Tuesday, January 13, 2009

Well!

I had a thought and I was totally going to post about it BUT it has left me. It's gone. Oh well. C'est la vie!

Here is something I was thinking about yesterday, though:

I've decided that I'm going to pretent I am ready to date. This stems from a conversation I had with some co-workers last Friday. Basically the jist of the conversation was "Fake it 'til you make it." So I'm just going to act like I'm not an emotional wreck 90% of the time and put myself out there and do the stuff that I like.

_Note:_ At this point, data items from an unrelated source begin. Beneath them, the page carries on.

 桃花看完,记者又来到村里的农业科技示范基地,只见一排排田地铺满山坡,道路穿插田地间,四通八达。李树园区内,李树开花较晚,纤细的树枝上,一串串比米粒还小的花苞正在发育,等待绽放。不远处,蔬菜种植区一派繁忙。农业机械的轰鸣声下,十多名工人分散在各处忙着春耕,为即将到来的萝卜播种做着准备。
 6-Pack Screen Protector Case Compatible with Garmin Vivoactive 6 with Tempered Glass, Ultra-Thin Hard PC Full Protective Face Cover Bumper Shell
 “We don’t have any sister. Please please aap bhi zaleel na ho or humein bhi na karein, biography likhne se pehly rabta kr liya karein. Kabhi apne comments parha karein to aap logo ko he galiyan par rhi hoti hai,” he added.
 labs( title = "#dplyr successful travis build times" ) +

Basically, I'm going to try to make 2009 the year of positive thinking. I'm trying to be less negative, smile more, laugh more, and love more. I feel like what you put out there is what you get back. I've lived most of my adult life (all 5-8 years, depending on how you look at things) being a grumpy Gus, an Oscar the Grouch, if you will. I'm pretty tired of it.

I'm trying to avoid those things that make me feel poorly or negatively about things. Unfortunately, that has caused me to not seek out some of my friends. We shall see if that changes, but quite honestly they aren't seeking me out either. Such is life, I guess.

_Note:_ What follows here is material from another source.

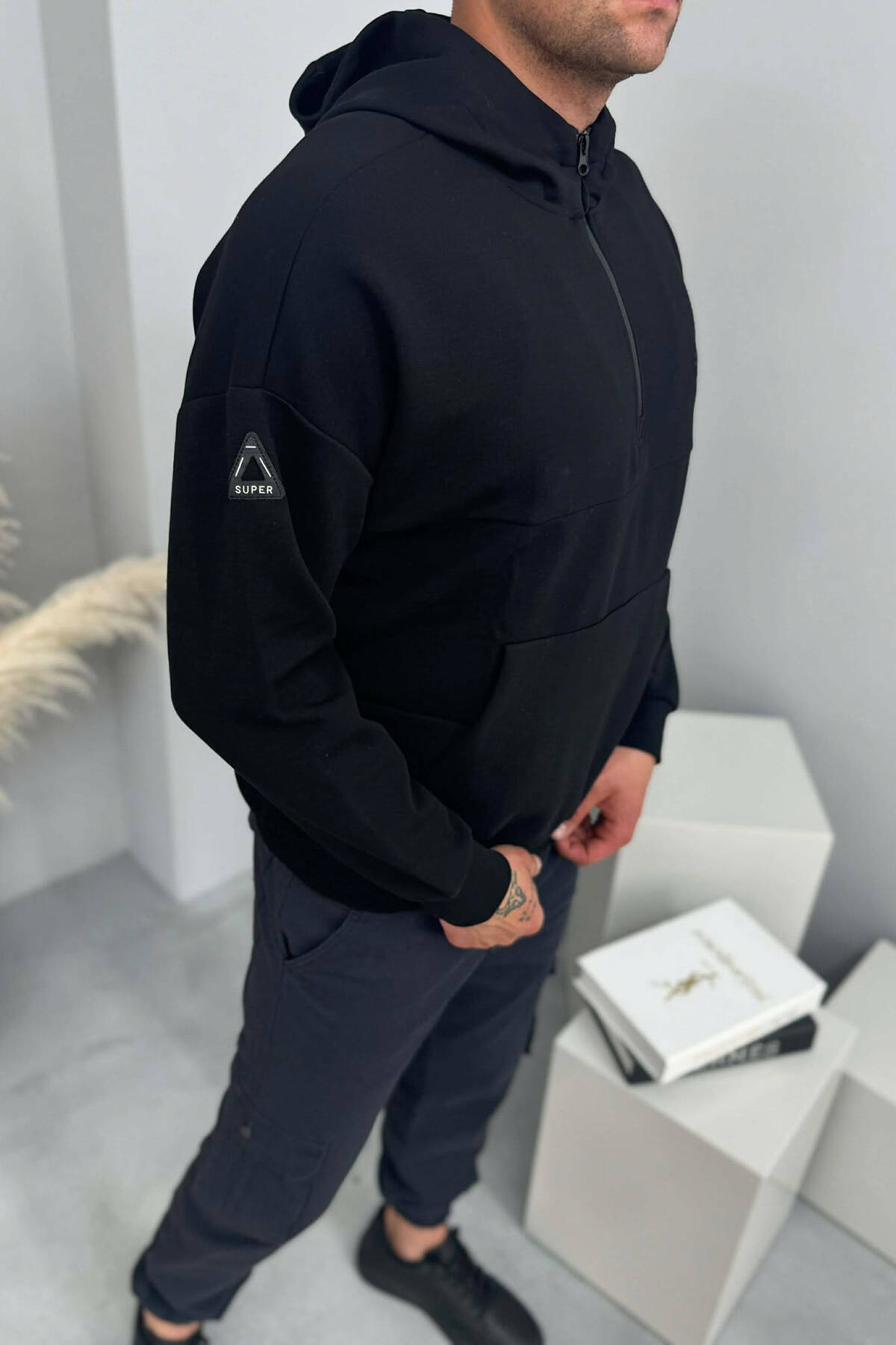 ONE COLOR ZIPPER NECK MEN HOODIE BLACK/ E ZEZE

I've really changed in the past two and a half years. I think some of it is for the better and some of it was for the worst. For instance, I've become more positive but I've stopped going to church. I feel like one of the steps I'm going to need to take for myself is getting myself back into church. I don't generally feel God's presence when I'm there though and I think that's the disconnect. I used to feel something everytime I went and now it's like a void. I don't know. It hasn't hampered my belief in Him or His son or His spirit. It has, however, crushed my faith in humanity. I occassionally see random acts of kindness. But more often than not, I am seeing people judging others, being mean, laughing and ridiculing people and generally not being very good.

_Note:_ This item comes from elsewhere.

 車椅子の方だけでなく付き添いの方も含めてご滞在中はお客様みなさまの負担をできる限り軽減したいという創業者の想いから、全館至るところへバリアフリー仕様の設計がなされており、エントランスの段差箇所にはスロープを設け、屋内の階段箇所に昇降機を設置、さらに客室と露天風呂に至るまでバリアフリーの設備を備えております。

The other problem I've been running into is this: who am I to say that my way is the only way and that everyone who doesn't believe what I believe is wrong. In their minds, they aren't wrong. I think that essentially we are all going different routes to achieve the same thing. To find paradise, heaven, etc. So in that instance, is it right for me to act superior to my non-Catholic Christian brothers and sisters? I think not.